LCM Application with Multiple Items
Lisa practices piano every 5 days and guitar every 7 days. If she starts both on Monday, how many days until she practices both again on the same day?
A. 35
B. 12
C. 30
D. 40
Answer: A. 35
Explanation:
LCM of 5 and 7 = 35
She will practice both again on the 35th day
Choosing the Best Measure (6.SP.9)
You want to compare two data sets where one contains extreme values.
Which measure of center is most reliable?
A. Mean
B. Mode
C. Median
D. Range
Answer: C. Median
Explanation: The median is not affected by outliers, making it a better choice when data includes extreme values.

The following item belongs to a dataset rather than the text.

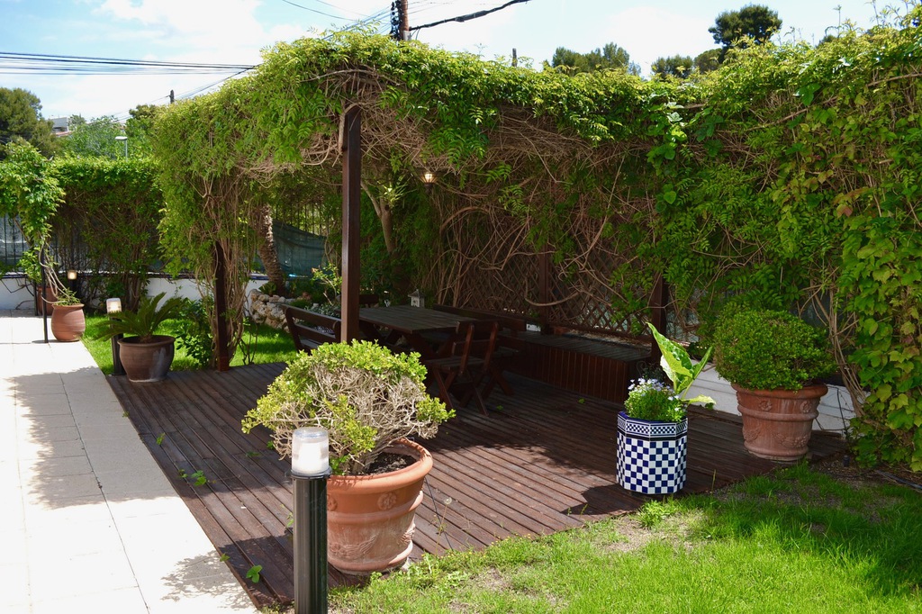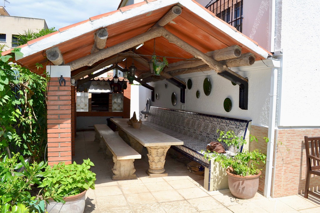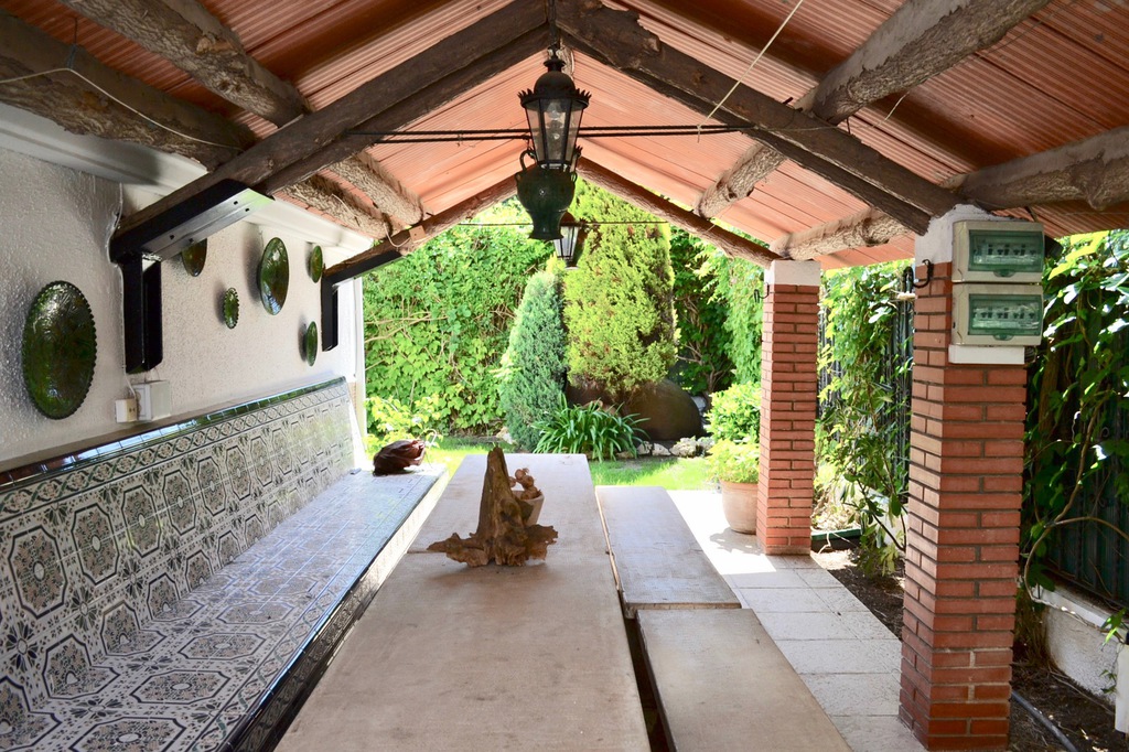 La casa ofrece un gran jardín, en la parte trasera de la propiedad una cómoda terraza techada y área de barbacoa, ideal para reuniones familiares ofreciendo sombra en los cálidos meses de verano.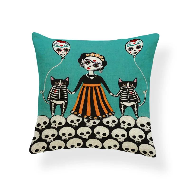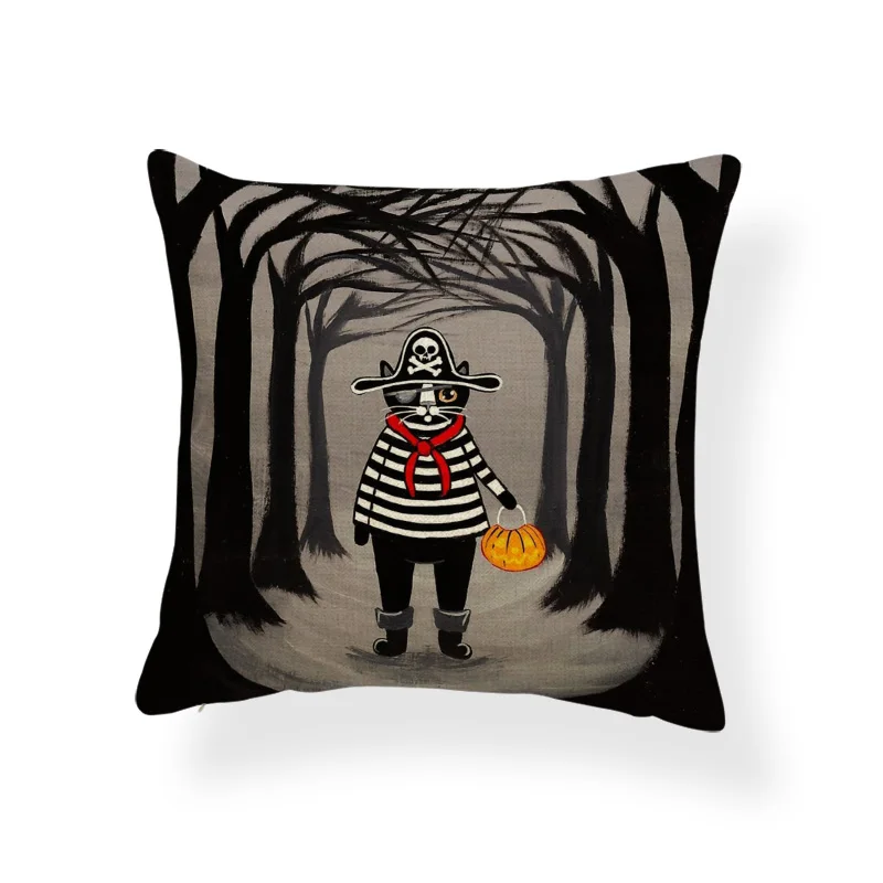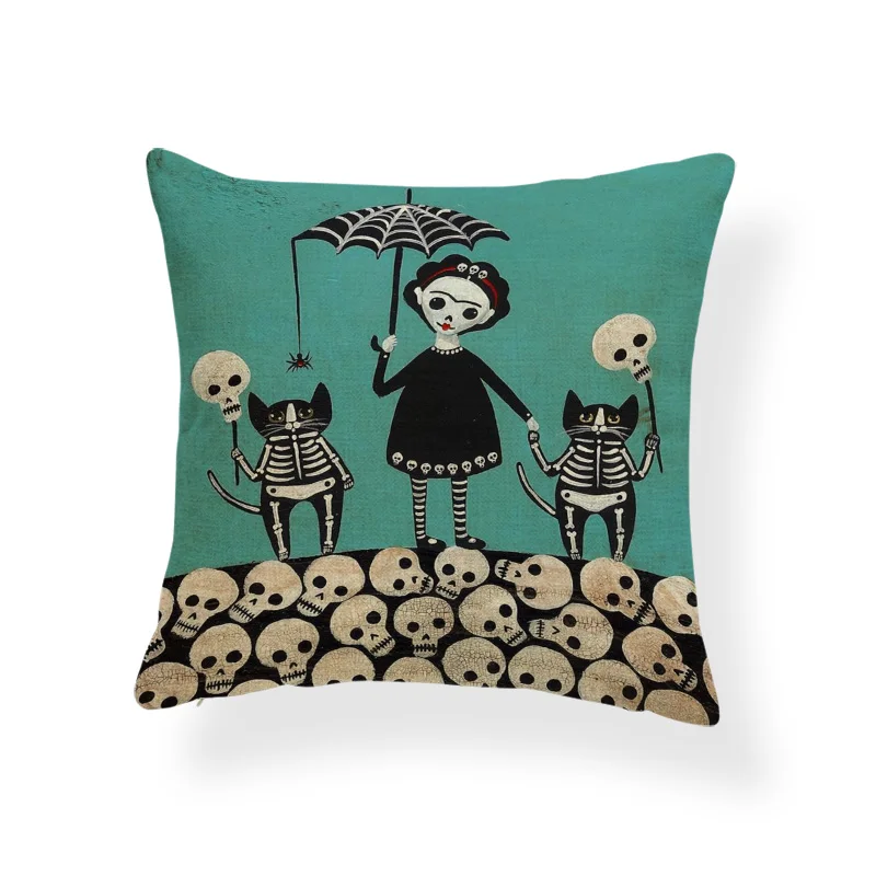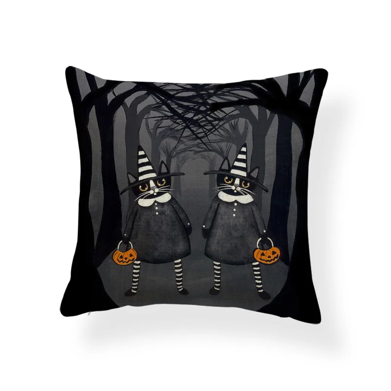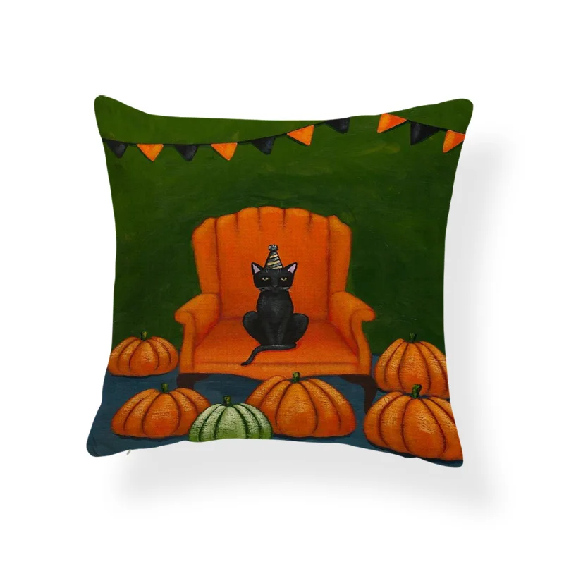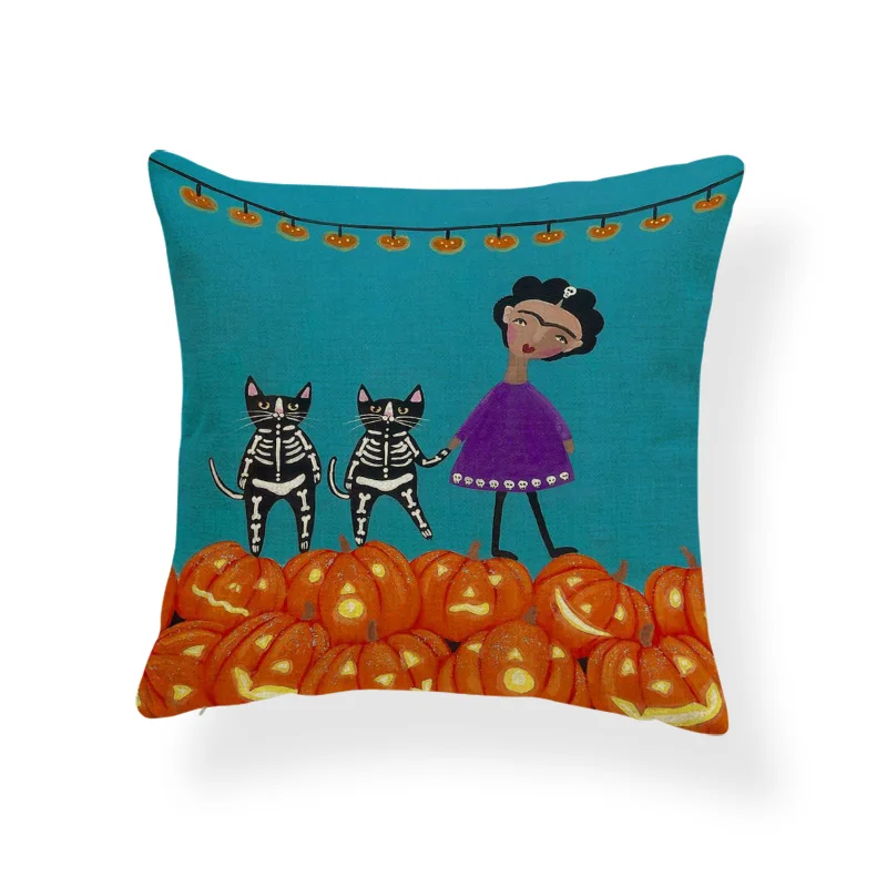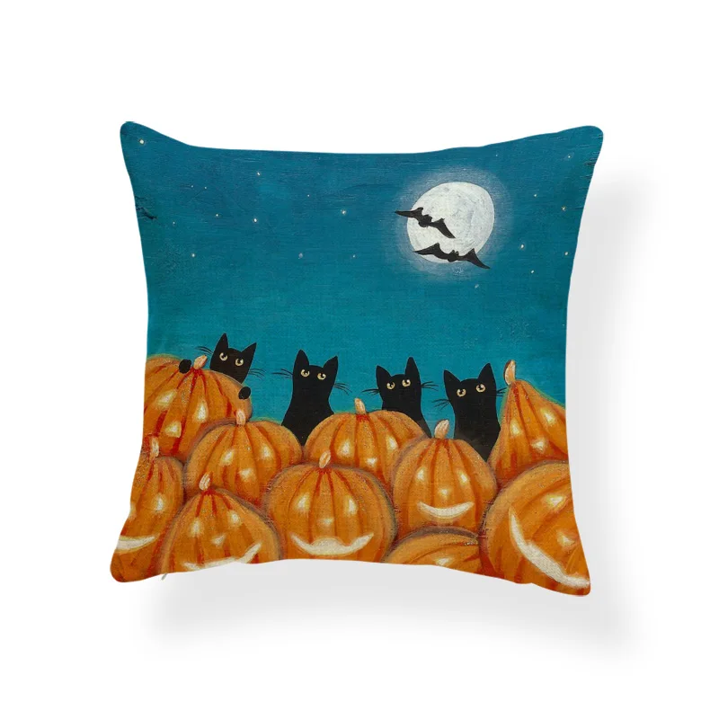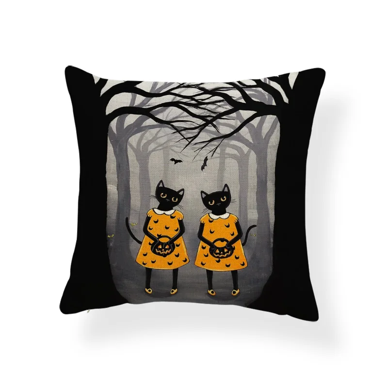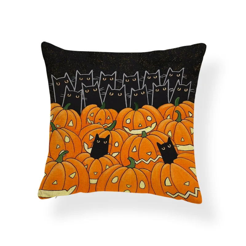 Ужасная Милая наволочка, черный череп, тыква, кот, мультфильм, квадратная наволочка, украшение для дома, Полиэстеровая льняная наволочка 45*45 см

Maria wants to paint the outside of a box (10 in long, 5 in wide, and 4 in high).
How much surface area will she paint?
A. 180 in²
B. 240 in²
C. 220 in²
D. 200 in²
Answer: C. 220 in²
Surface area of a rectangular prism = 2(lw + lh + wh)
Now calculate:
= 2(10×5 + 10×4 + 5×4) = 2(50 + 40 + 20) = 2(110) = 220 in²
Statistical Thinking (6.SP.1 & 6.SP.2)
A class collected data on how many books each student read last month:
3, 5, 2, 6, 5, 4, 3, 7, 5, 3
What is the mean number of books read?
A. 4.3
B. 4.5
C. 5
D. 3.5
Answer: A. 4.3
Explanation:
Add: 3+5+2+6+5+4+3+7+5+3 = 43
Divide: 43 ÷ 10 = 4.3
✅ Corrected Answer: A. 4.3
Interpreting Data (6.SP.5c & 6.SP.5d)
Two classes recorded how many pencils each student had:
Class A: 2, 3, 3, 4, 4, 4, 5, 5
Class B: 1, 2, 2, 3, 10, 12, 15
Which class has a greater spread in the data?
A. Class A
B. Class B
C. Both have the same spread
D. Not enough data
Answer: B. Class B
Explanation: Class A’s values range from 2 to 5 (range = 3).
Class B’s values range from 1 to 15 (range = 14). So, Class B has a greater spread.